Hi peeps, saw this pic and have fallen in love with these little guys!

would a pair be ok in a exo terra 12x12x18 viv? i know they dont get over 2 inches, would they find food, guesing FF, Pin head Crickets.

Will they benefit from U.V?, my red eyes thrive under it.

does any one know were i can get them, and if they are hard to keep?

any info would be fab.

hyla-leucophyllata - Clown tree fog


----------



## KJ Exotics (Jun 16, 2007)

knighty said:


> does any one know were i can get them,


Maybe the same place you got the pic from:
http://dartfrog.co.uk/images/frogs/otherfrogs/hyla-leucophyllata.jpg

:bash:


----------



## knighty (Feb 27, 2008)

thanks, got pic from image search on google.
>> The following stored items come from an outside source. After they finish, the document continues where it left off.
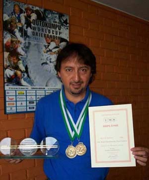 En semifinales rivalizó con Daniel Sánchez (España), número tres del ranking mundial, con quien perdió 0-3 (1-15, 8-15 y 11-15), ubicándose tercero junto al holandes Dick Jaspers. El mundial fue ganado por el japonés Ryuuji Umeda, seguido por Daniel Sánchez.
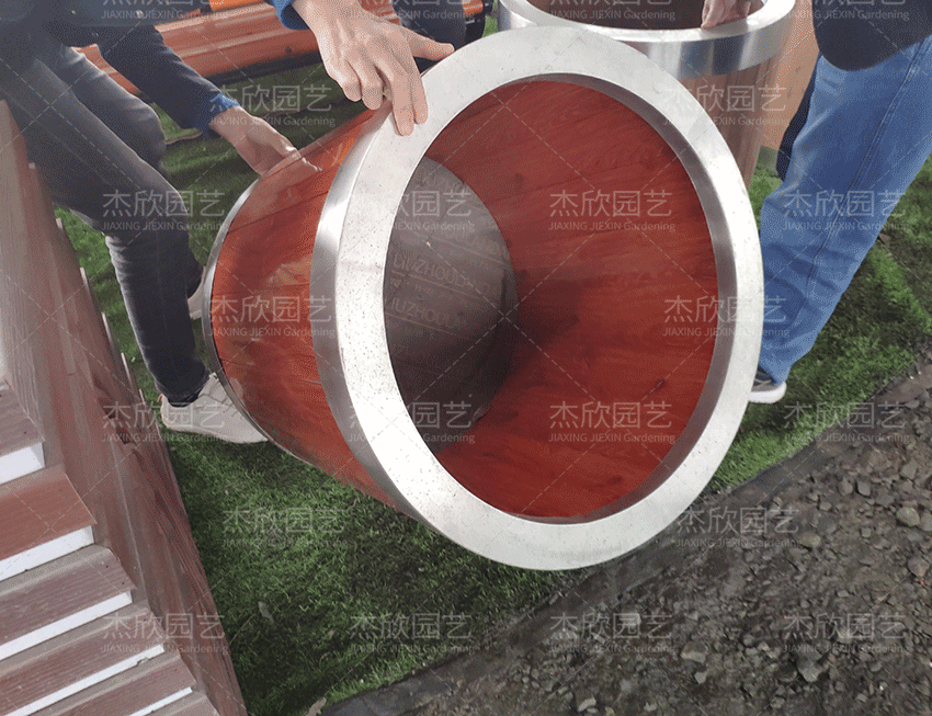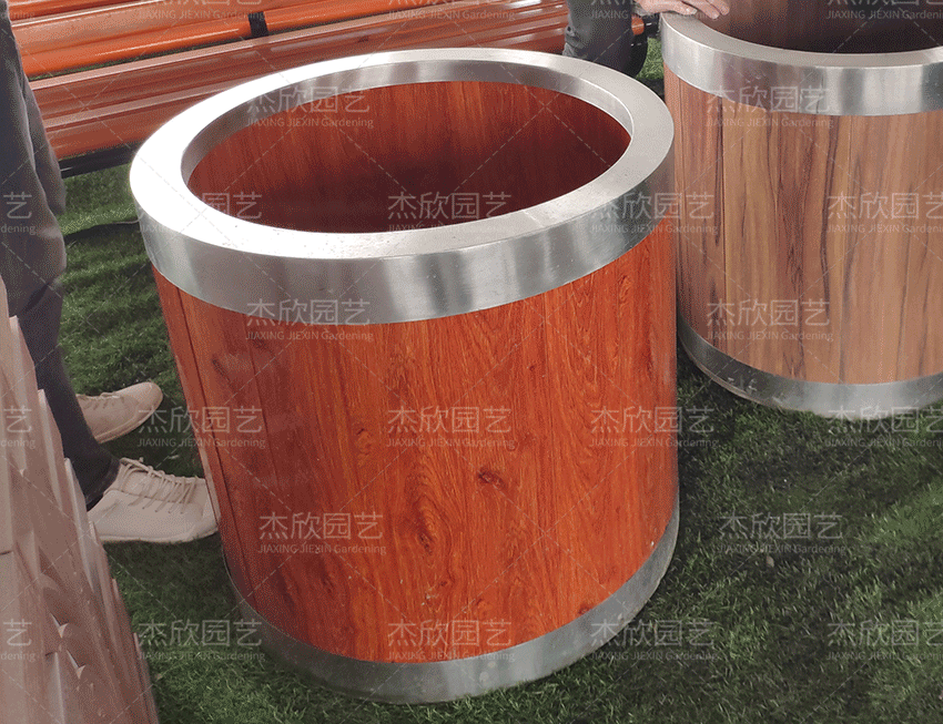 圆形花箱好看在于将木材的硬视觉软化,呈现出更好看的造型
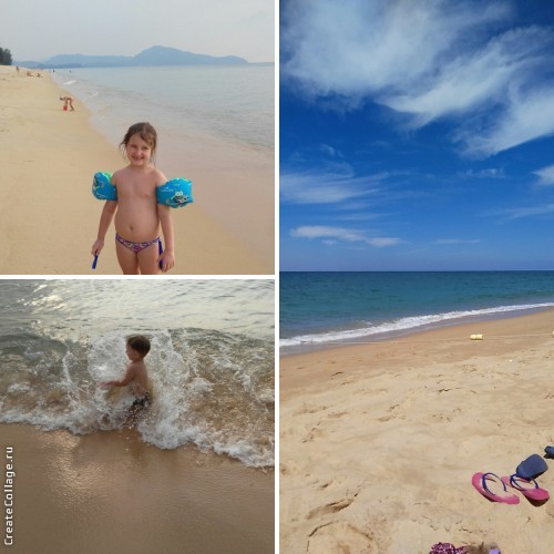 Море... Море потрясающее. Очень близко! Красивое неимоверно. Теплое. Волшебное. Волн не было вообще. Но... есть одно НО! Море в Таиланде "кусючее". Как мы поняли, пока есть волны хотя бы небольшие, "кусается" меньше. Дети почувствовали это уже под конец, был штиль и "кусалось" море сильно! С криками "аааа" они вылетели из воды и загнать их обратно мы не смогли.

what about waxy monkey frogs?


----------



## derekthefrog=] (Mar 25, 2008)

iv'e heard there quite hard to look after but correct me if im wrong.........
there expensive too lol: victory:
and with the clown tree frogs i think the need the same care as a red eye tree frog again correct me if im wrong


----------



## mad4frogs (Aug 8, 2006)

Hi, ive got some  










Here comes the dissapointing bit... The frog that is in the pic is a male. the females are peach/cream coloured like the one pictured. 
Males are very rare as many of the clutches laid are females so youll most definitly not be getting this bright coloured frog.

I bought some of dartfrog few years back and he said that they would change colour as they got older to the bright colours and im still waiting! I then read up and found out that it is rare to get males so out of all 8 i had all females  still they are lovely frogs. They are the same amount of care as a redeye treefrog. 

That size would be fine, the max size for an adult is about 1" (yes very tiny frogs)

oh and they had a name change (i think last year) to Dendrophous Leucophyllata )


----------



## derekthefrog=] (Mar 25, 2008)

YAY i was right for once lol jk : victory: they look like really nice frogs


----------



## Hedgewitch (Feb 12, 2008)

Still very pretty frogs.

So are they parthenogenic? or just predisposed to all female clutches?


----------